= Beginning of Section =

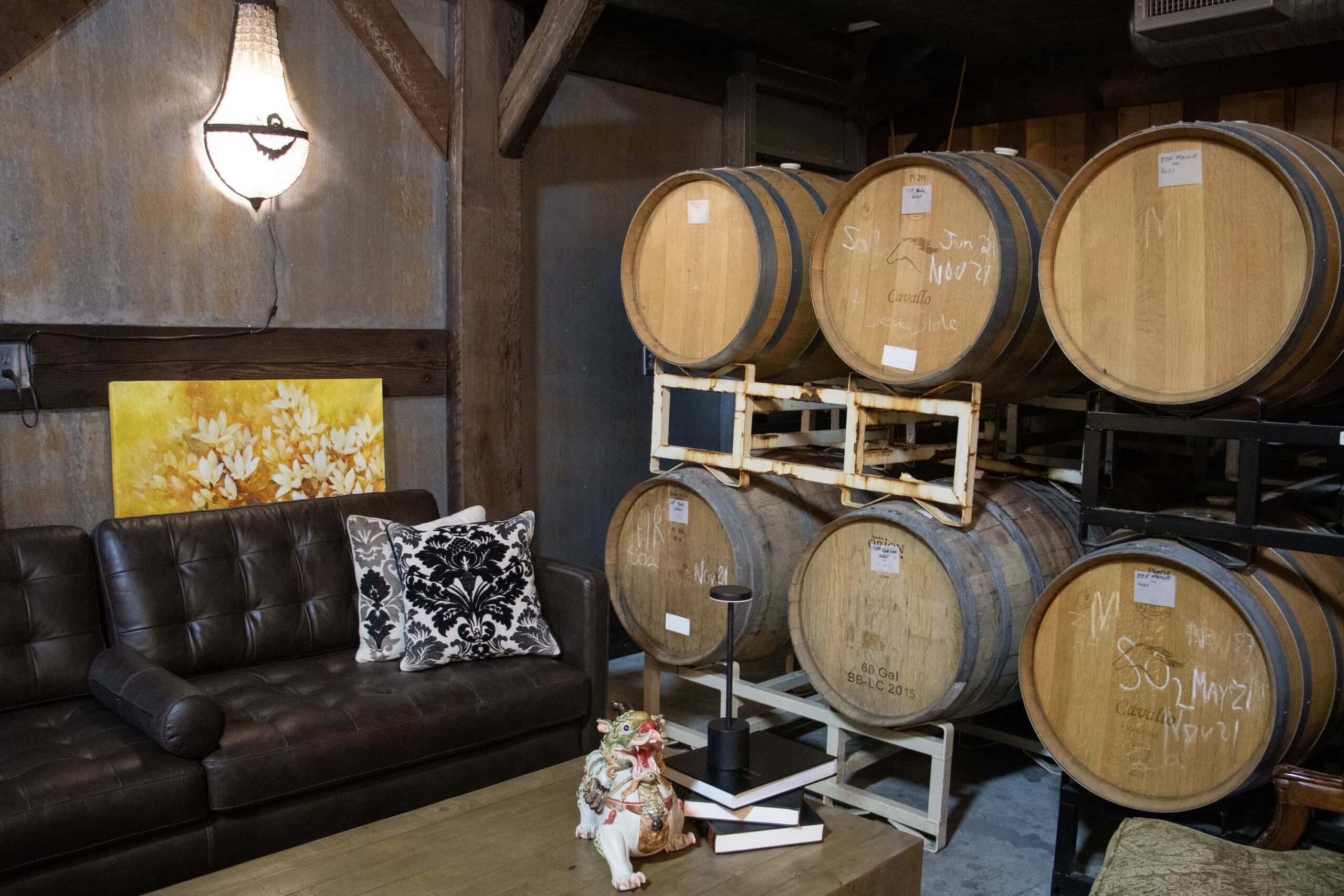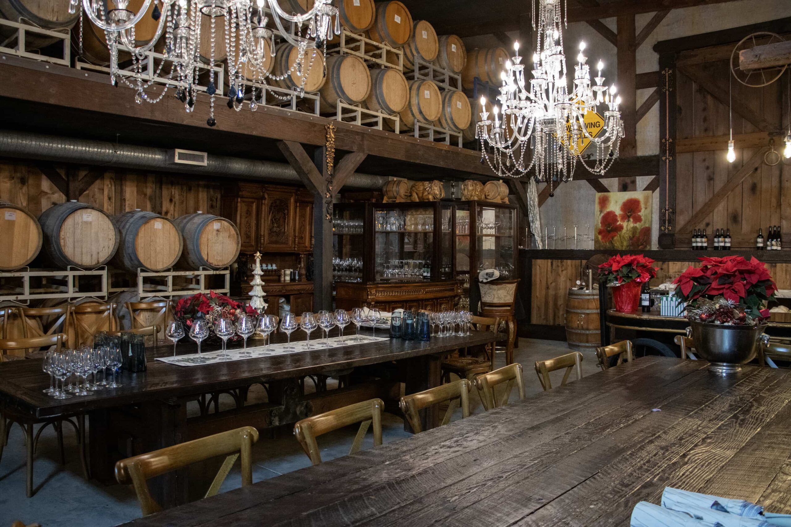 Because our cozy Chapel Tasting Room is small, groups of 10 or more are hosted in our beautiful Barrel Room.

= End of Section =
= Beginning of Section =

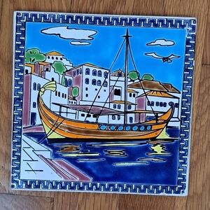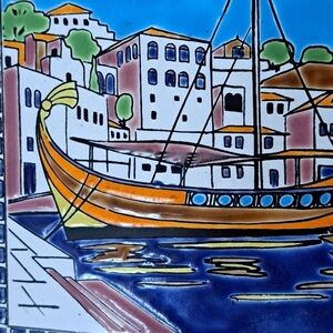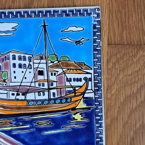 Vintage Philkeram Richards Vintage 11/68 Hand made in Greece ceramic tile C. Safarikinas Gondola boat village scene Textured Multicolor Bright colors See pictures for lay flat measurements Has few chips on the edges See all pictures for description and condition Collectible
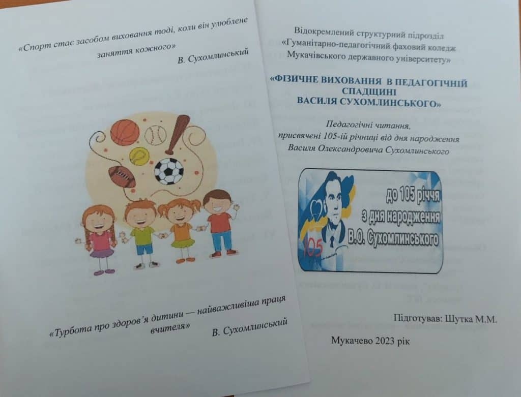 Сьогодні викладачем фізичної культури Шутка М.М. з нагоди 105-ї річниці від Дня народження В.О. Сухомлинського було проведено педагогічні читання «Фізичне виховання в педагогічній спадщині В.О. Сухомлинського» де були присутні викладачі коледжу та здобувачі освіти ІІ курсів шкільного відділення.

= End of Section =

Task to complete:
Copy out the lines above from the line containing "Vintage Philkeram Richards" through the line containing "Сьогодні викладачем фізичної", exactly, and keep the pictures out.

Exercise response:
 Vintage Philkeram Richards Vintage 11/68 Hand made in Greece ceramic tile C. Safarikinas Gondola boat village scene Textured Multicolor Bright colors See pictures for lay flat measurements Has few chips on the edges See all pictures for description and condition Collectible
 Сьогодні викладачем фізичної культури Шутка М.М. з нагоди 105-ї річниці від Дня народження В.О. Сухомлинського було проведено педагогічні читання «Фізичне виховання в педагогічній спадщині В.О. Сухомлинського» де були присутні викладачі коледжу та здобувачі освіти ІІ курсів шкільного відділення.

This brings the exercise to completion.